Decimal 755 in binary conversion provides the detailed information on what is the binary equivalent of (755)10, and the step-by-step work for how to convert the decimal (base-10) number 755 to its binary (base-2) equivalent.
(755)10 in binary is equal to:
(755)10 = (?)2
Perform successive MOD-2 operation for decimal 755, and mark the initial remainder as LSB and the final remainder as MSB as like the below.

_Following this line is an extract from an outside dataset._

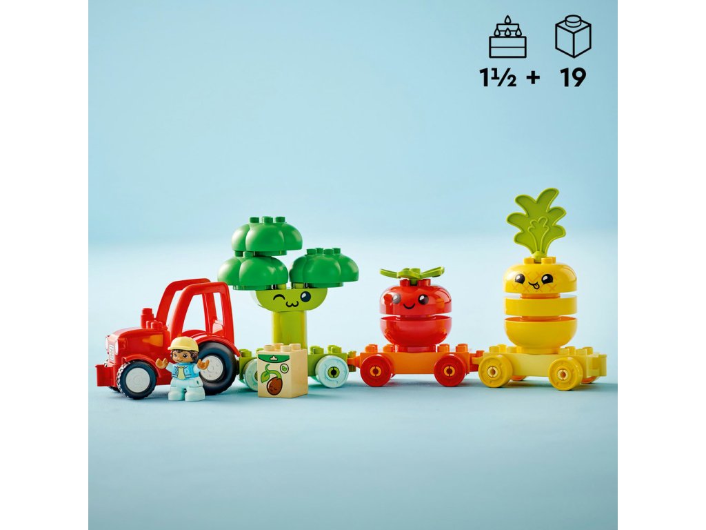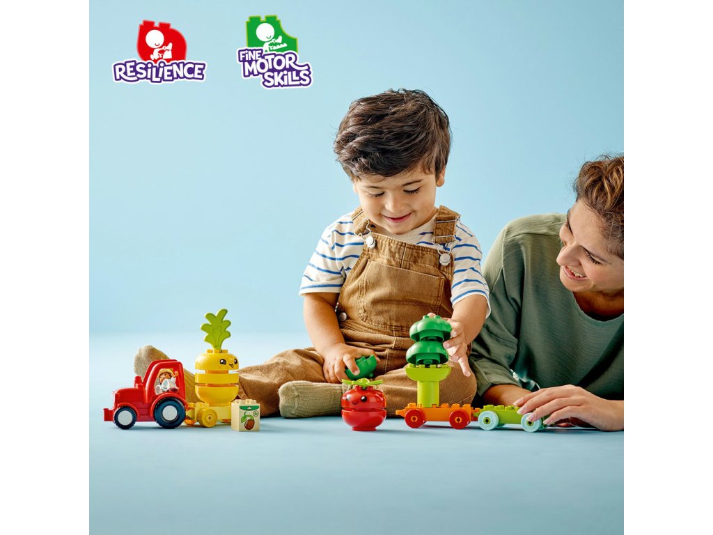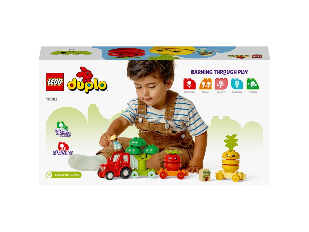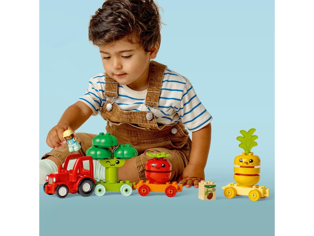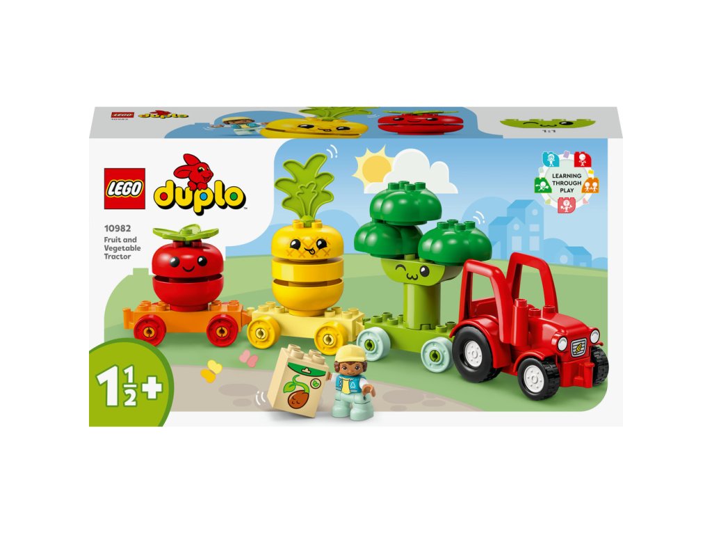 Stavebnice LEGO® DUPLO® Můj první traktor se zeleninou a ovocem (10982) přináší těm nejmenším spoustu způsobů, jak se učit. Děti budou pomáhat farmáři sklízet plodiny s traktorem se 3 přívěsy. Děti od 18 měsíců zdokonalí své motorické dovednosti a zjistí, jak se pěstuje zelenina a ovoce. Při skládáním kostek na sebe si mohou hrát na to, že plodiny „rostou“. Také si užijí zábavu při třídění podle barev, protože budou dávat rostliny do správných přívěsů. Malé děti však mohou zapojit i svou kreativitu a schopnost sebevyjádření, aby pomíchaly barvy podle sebe nebo změnily obličeje, jak se jim zlíbí!
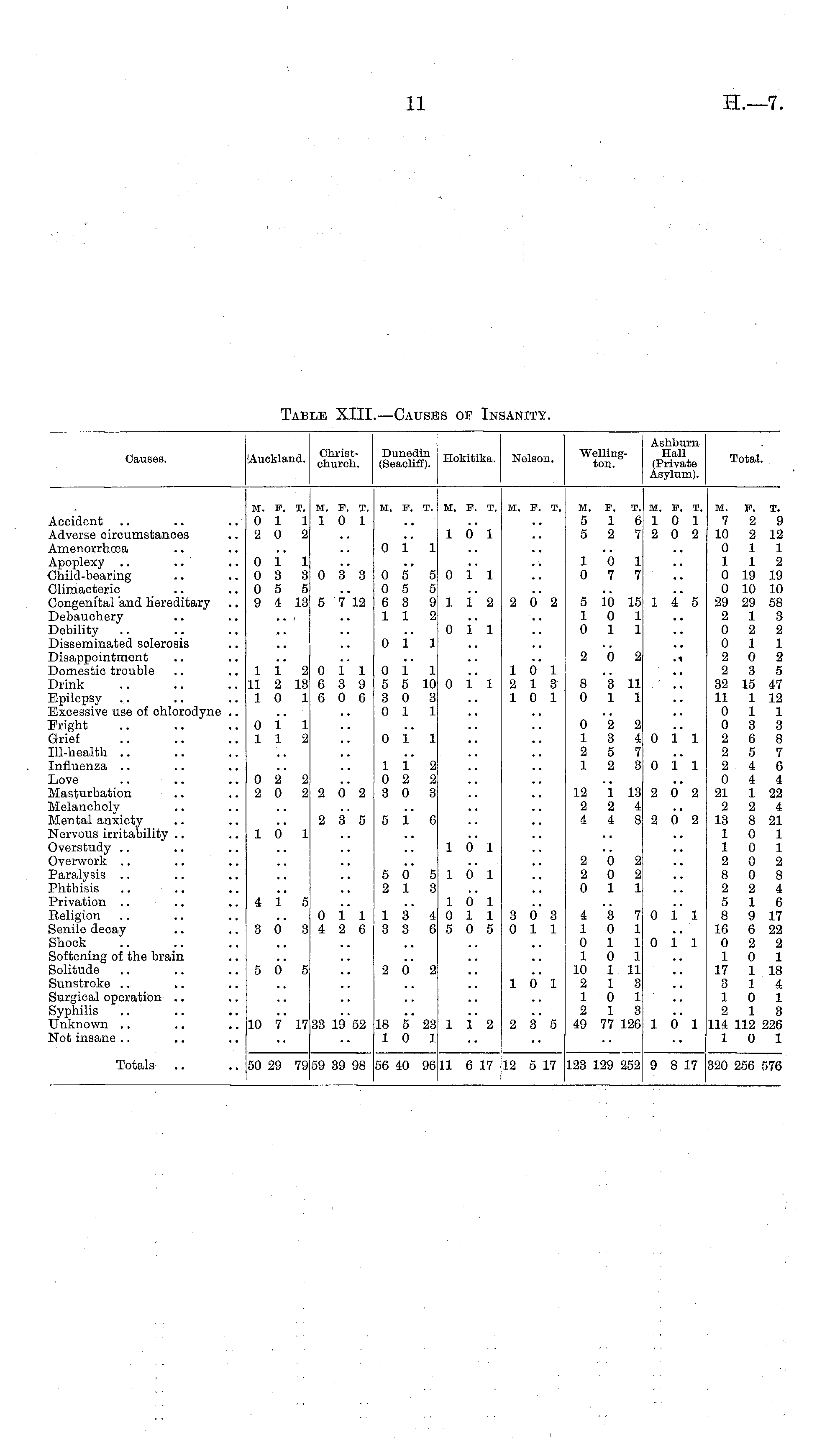Causes. 'AiiHrlnnri Christ- Duneain Auckland. churchf (Soaoliff). Hokitika. Ashburn Nfllson Welling- Hall JNeison. t0Hi (Private Asylum). Total. Accident Adverse circumstances Amenorrhea Apoplexy Child-bearing Climacteric Congenital and Hereditary Debauchery Debility .. Disseminated sclerosis Disappointment Domestic trouble Drink Epilepsy Excessive use of chlorodyne .. Fright .. .. Grief Ill-health .. Influenza Love Masturbation Melancholy Mental anxiety Nervous irritability Overstudy Overwork Paralysis Phthisis Privation Religion Senile decay Shock Softening of the brain Solitude Sunstroke Surgical operation Syphilis Unknown Not insane M. P. T. 0 11 2 0 2 M. F. T. 10 1 M. F. T. M. F. T. M. F. T. M. F. T. 5 16 5 2 7 M. F. T. 10 1 2 0 2 M. F. T. 7 2 9 10 2 12 Oil 112 0 19 19 0 10 10 29 29 58 2 13 0 2 2 Oil 2 0 2 2 3 5 32 15 47 11 1 12 Oil 0 3 3 2 6 8 2 5 7 2 4 6 0 4 4 21 1 22 2 2 4 13 8 21 10 1 10 1 2 0 2 8 0 8 2 2 4 5 16 8 9 17 16 6 22 0 2 2 10 1 17 1 18 3 14 10 1 2 13 114 112 226 10 1 10 1 oil 1 '6 1 0 7 7 0 11 0 3 3 0 5 5 9 4 13 0 33 0 5 5 0 5 5 6 3 9 112 Oil 5 7*12 l i" 2 2 6' 2 5 10 15 10 1 Oil 1 i 5 oil 0 i' 1 2 0 2 112 11 2 13 10 1 Oil 6 3 9 6 0 6 0 11 5 5 10 3 0 3 0 11 10 1 2 13 10 1 . t oil 8 3 11 Oil oil 112 Oil 0 2 2 13 4 2 5 7 12 3 Oil 0 2 2 2 0 2 112 0 2 2 3 0 3 12 1 13 2 2 4 4 4 8 oil 2 0 2 2 6' 2 101 2 3 5 5 16 2 6' 2 101 5 0 5 2 13 10 1 2 0 2 2 0 2 Oil 4 15 oil 4 2 6 13 4 3 3 6 10 1 Oil 5 0 5 3 6' 3 Oil 4 3 7 10 1 Oil 10 1 10 1 11 2 13 10 1 2 13 49 77 126 oil 3 03 o i' i 5 0 5 2 0 2 101 10 7 17 33 19 52 18 5 23 10 1 l i' 2 2 3 5 101 Totals .. 123 129 252 50 29 79 59 39 98 56 40 96 11 6 17 12 5 17 9 8 17 320 256 576

755 MOD-2 | 755 / 2 = 377 | Remainder is 1 → LSB |
377 MOD-2 | 377 / 2 = 188 | Remainder is 1 |
188 MOD-2 | 188 / 2 = 94 | Remainder is 0 |
94 MOD-2 | 94 / 2 = 47 | Remainder is 0 |
47 MOD-2 | 47 / 2 = 23 | Remainder is 1 |
23 MOD-2 | 23 / 2 = 11 | Remainder is 1 |
11 MOD-2 | 11 / 2 = 5 | Remainder is 1 |
5 MOD-2 | 5 / 2 = 2 | Remainder is 1 |
2 MOD-2 | 2 / 2 = 1 | Remainder is 0 |
1 MOD-2 | 1 / 2 = 0 | Remainder is 1 → MSB |
Arrange the remainders from MSB to LSB forms the binary equivalent of 755.
75510 = 10111100112
Hence,
755 in binary is 1011110011
where,
755
10 is the given decimal number,
10 in 755
10 represents the base-10 or decimal number system,
1011110011
2 is the binary equivalent of the decimal 41,
2 in 1011110011
2 represents the base-2 or binary number system.
Important Notes: (755)10 in Binary
The below are some of the important notes to be remembered while converting the base-10 number 755 into a binary number.
- The initial or first remainder while performing MOD-2 operation for 755 is a Least Significant Bit (LSB).
- The last remainder while performing MOD-2 operation for 755 is a Most Significant Bit (MSB).
- The remainders of MOD-2 operation for 755 should be written from MSB to LSB to form the binary equivalent for the given decimal number (755)10.